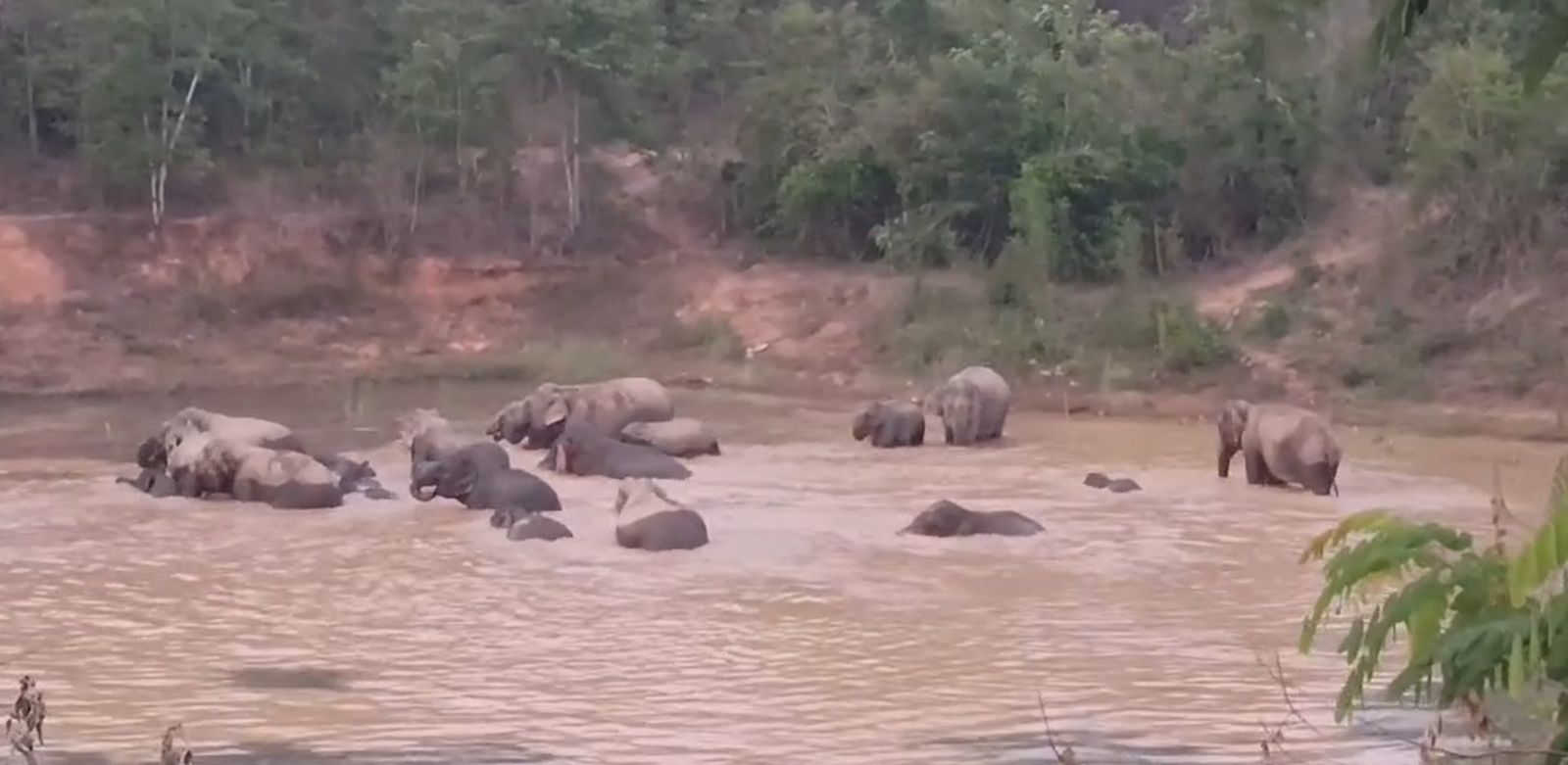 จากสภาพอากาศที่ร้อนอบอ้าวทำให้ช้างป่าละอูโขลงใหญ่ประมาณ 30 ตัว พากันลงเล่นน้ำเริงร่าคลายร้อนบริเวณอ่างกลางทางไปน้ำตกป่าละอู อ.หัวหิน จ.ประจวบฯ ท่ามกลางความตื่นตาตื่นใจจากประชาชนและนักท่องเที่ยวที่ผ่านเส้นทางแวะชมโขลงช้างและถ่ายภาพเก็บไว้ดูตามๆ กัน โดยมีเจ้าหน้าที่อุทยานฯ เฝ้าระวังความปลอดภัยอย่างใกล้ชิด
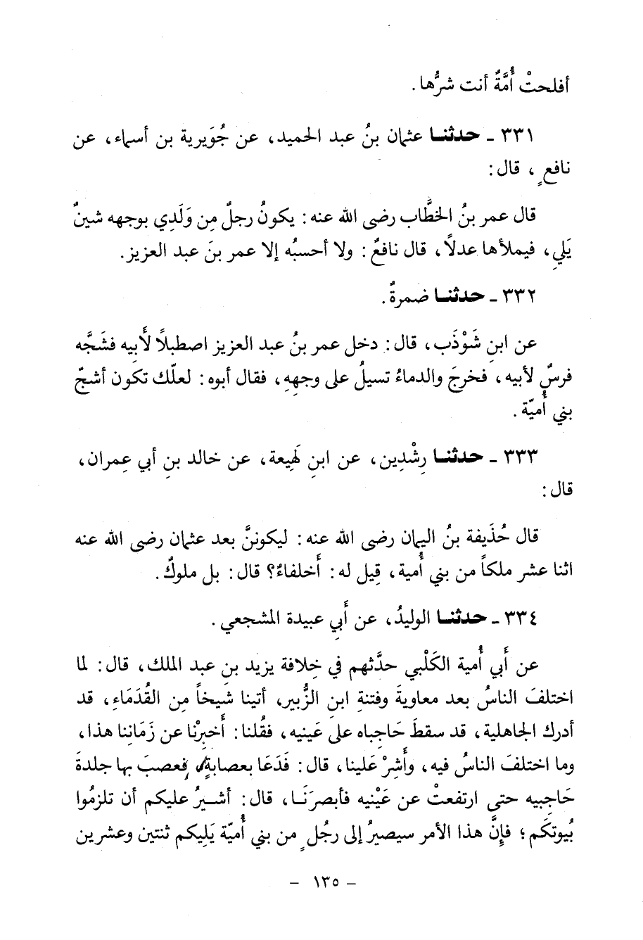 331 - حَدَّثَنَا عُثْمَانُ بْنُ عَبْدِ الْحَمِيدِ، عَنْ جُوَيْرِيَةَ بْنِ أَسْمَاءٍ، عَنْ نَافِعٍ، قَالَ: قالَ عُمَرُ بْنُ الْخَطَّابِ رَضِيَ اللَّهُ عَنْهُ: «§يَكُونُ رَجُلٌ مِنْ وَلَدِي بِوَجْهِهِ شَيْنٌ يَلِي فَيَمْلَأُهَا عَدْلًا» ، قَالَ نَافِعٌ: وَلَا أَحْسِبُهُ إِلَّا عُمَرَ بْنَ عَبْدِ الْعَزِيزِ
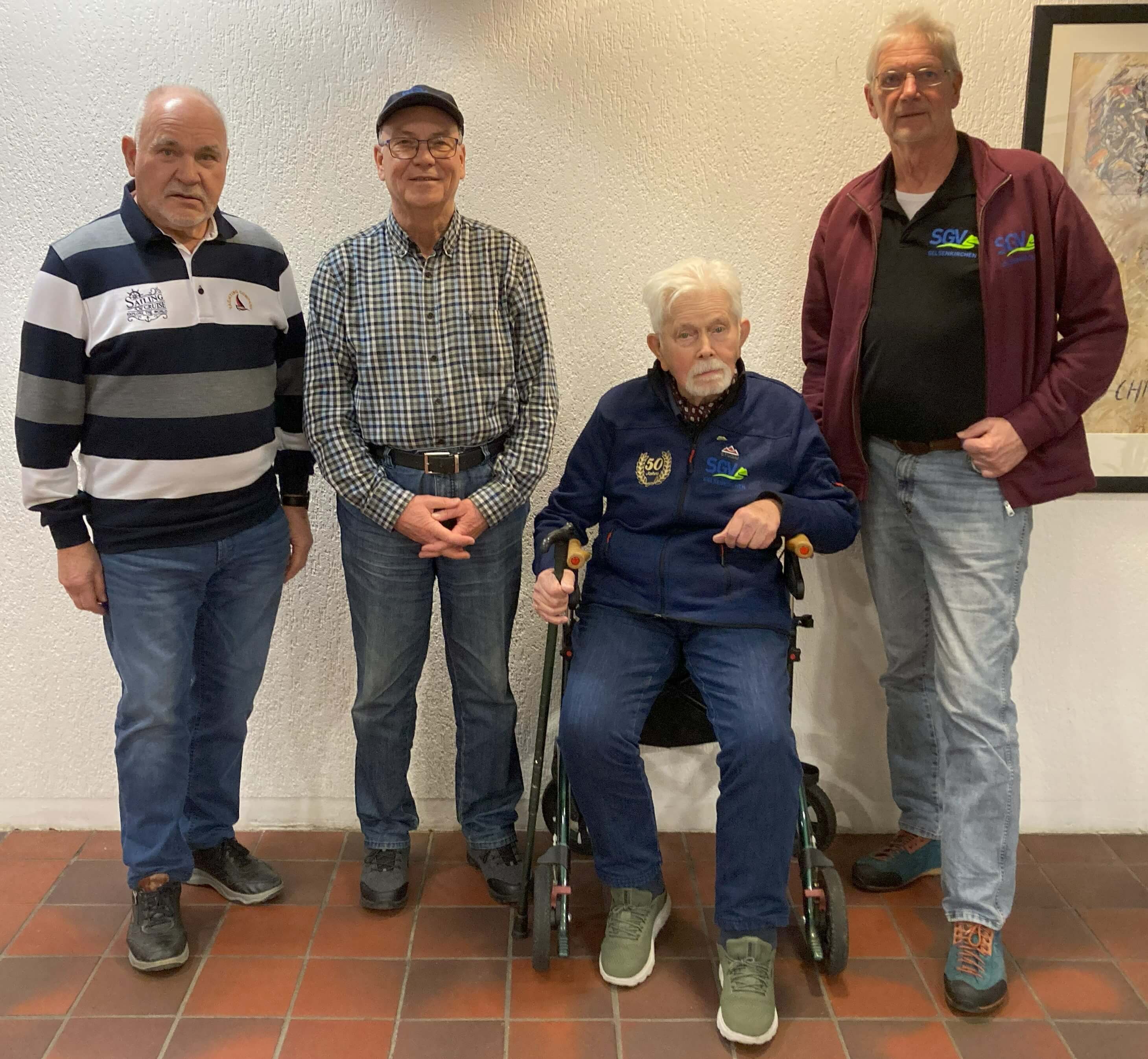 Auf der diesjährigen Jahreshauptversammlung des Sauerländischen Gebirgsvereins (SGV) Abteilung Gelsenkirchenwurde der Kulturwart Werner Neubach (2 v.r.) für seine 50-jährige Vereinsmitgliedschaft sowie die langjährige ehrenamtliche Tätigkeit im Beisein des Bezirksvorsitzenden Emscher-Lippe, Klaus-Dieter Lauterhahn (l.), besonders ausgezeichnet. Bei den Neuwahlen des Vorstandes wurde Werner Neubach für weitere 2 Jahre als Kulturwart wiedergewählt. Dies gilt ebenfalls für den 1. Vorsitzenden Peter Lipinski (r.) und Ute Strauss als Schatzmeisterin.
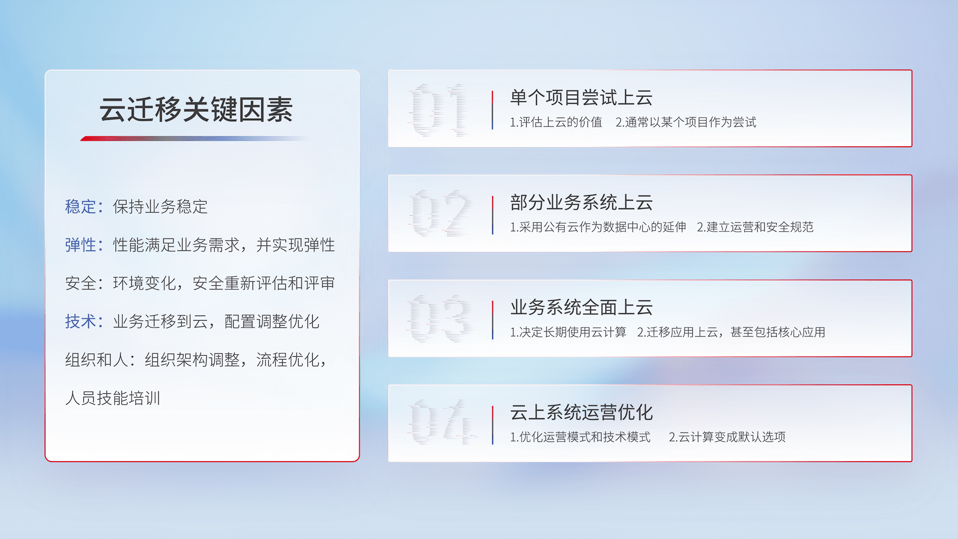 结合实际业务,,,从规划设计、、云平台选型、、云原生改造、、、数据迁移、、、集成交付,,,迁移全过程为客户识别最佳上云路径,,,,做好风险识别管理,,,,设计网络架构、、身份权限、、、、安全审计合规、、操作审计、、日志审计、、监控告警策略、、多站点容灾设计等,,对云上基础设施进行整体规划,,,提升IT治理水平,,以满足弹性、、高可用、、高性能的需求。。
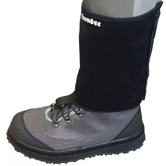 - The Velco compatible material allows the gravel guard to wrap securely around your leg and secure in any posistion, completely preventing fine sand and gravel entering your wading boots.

■ ■ ■

## Task
Once the pictures are set aside, retype the rest of the listing exactly.

## Your solution
 จากสภาพอากาศที่ร้อนอบอ้าวทำให้ช้างป่าละอูโขลงใหญ่ประมาณ 30 ตัว พากันลงเล่นน้ำเริงร่าคลายร้อนบริเวณอ่างกลางทางไปน้ำตกป่าละอู อ.หัวหิน จ.ประจวบฯ ท่ามกลางความตื่นตาตื่นใจจากประชาชนและนักท่องเที่ยวที่ผ่านเส้นทางแวะชมโขลงช้างและถ่ายภาพเก็บไว้ดูตามๆ กัน โดยมีเจ้าหน้าที่อุทยานฯ เฝ้าระวังความปลอดภัยอย่างใกล้ชิด
 331 - حَدَّثَنَا عُثْمَانُ بْنُ عَبْدِ الْحَمِيدِ، عَنْ جُوَيْرِيَةَ بْنِ أَسْمَاءٍ، عَنْ نَافِعٍ، قَالَ: قالَ عُمَرُ بْنُ الْخَطَّابِ رَضِيَ اللَّهُ عَنْهُ: «§يَكُونُ رَجُلٌ مِنْ وَلَدِي بِوَجْهِهِ شَيْنٌ يَلِي فَيَمْلَأُهَا عَدْلًا» ، قَالَ نَافِعٌ: وَلَا أَحْسِبُهُ إِلَّا عُمَرَ بْنَ عَبْدِ الْعَزِيزِ
 Auf der diesjährigen Jahreshauptversammlung des Sauerländischen Gebirgsvereins (SGV) Abteilung Gelsenkirchenwurde der Kulturwart Werner Neubach (2 v.r.) für seine 50-jährige Vereinsmitgliedschaft sowie die langjährige ehrenamtliche Tätigkeit im Beisein des Bezirksvorsitzenden Emscher-Lippe, Klaus-Dieter Lauterhahn (l.), besonders ausgezeichnet. Bei den Neuwahlen des Vorstandes wurde Werner Neubach für weitere 2 Jahre als Kulturwart wiedergewählt. Dies gilt ebenfalls für den 1. Vorsitzenden Peter Lipinski (r.) und Ute Strauss als Schatzmeisterin.
 结合实际业务,,,从规划设计、、云平台选型、、云原生改造、、、数据迁移、、、集成交付,,,迁移全过程为客户识别最佳上云路径,,,,做好风险识别管理,,,,设计网络架构、、身份权限、、、、安全审计合规、、操作审计、、日志审计、、监控告警策略、、多站点容灾设计等,,对云上基础设施进行整体规划,,,提升IT治理水平,,以满足弹性、、高可用、、高性能的需求。。
 - The Velco compatible material allows the gravel guard to wrap securely around your leg and secure in any posistion, completely preventing fine sand and gravel entering your wading boots.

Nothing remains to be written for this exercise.